A preferred oral dosage form, such as tablets or capsules, will contain the HMG CoA reductase inhibitor in an amount from about 0.1 to about 100 mg, preferably from about 5 to about 80 mg, and more preferably from about 10 to about 40 mg.
A preferred oral dosage form, such as tablets or capsules will contain the squalene synthetase inhibitor in an amount of from about 10 to about 500 mg, preferably from about 25 to about 200 mg.
The compounds of formula I and the hypolipidemic agent, antidepressant or bone resorption inhibitor may be employed together in the same oral dosage form or in separate oral dosage forms taken at the same time.
The compositions described above may be administered in the dosage forms as described above in single or divided doses of one to four times daily. It may be advisable to start a patient on a low dose combination and work up gradually to a high dose combination.
The preferred hypolipidemic agent is pravastatin, simvastatin, lovastatin, atorvastatin, fluvastatin or cerivastatin.
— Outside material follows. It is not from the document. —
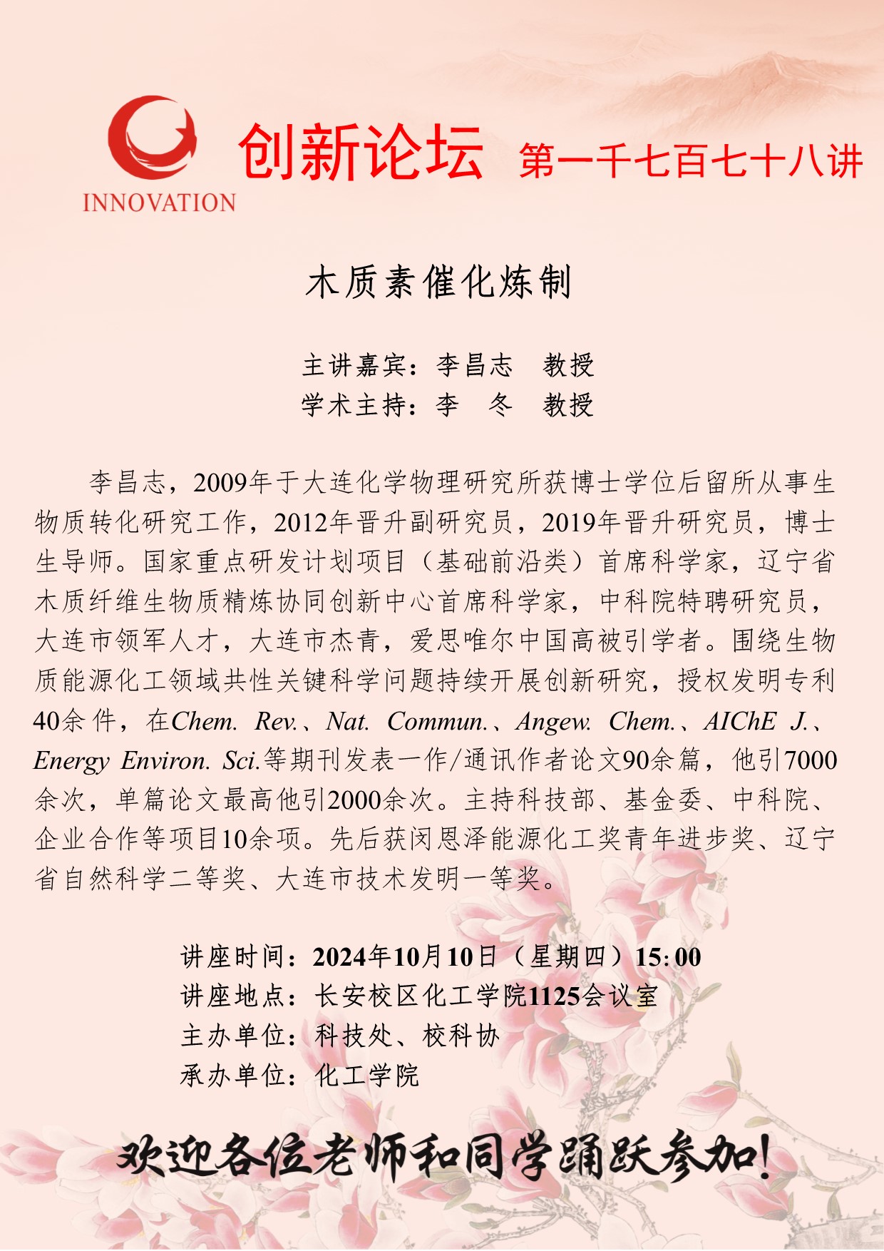 李昌志 教授 米兰网页版·官方端在线创新论坛第一千七百七十八讲:木质素催化炼制 讲座时间 2024年10月10日(星期四)15:00 讲座地点 长安校区化工学院1125会议室 讲座人介绍 李昌志 教授 讲座内容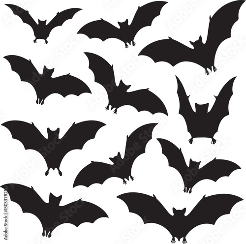 © rs_studios, Fototapeta premium Bat Silhouettes in Various Flight Poses Isolated Vector Set

The compounds of formula I of the invention can be administered 'orally or parenterally such as subcutaneously or intravenously, as well as by nasal application, rectally or sublingually to various mammalian species known to be subject to such maladies, e.g., humans, cats, dogs and the like in an effective amount within the dosage range of about 0.1 to about 100 mg/kg, preferably about 0.2 to about 50 mg/kg and more preferably about 0.5 to about 25 mg/kg (or from about 1 to about 2500 mg, preferably from about 5 to about 2000 mg) on a regimen in single or 2 to 4 divided daily doses.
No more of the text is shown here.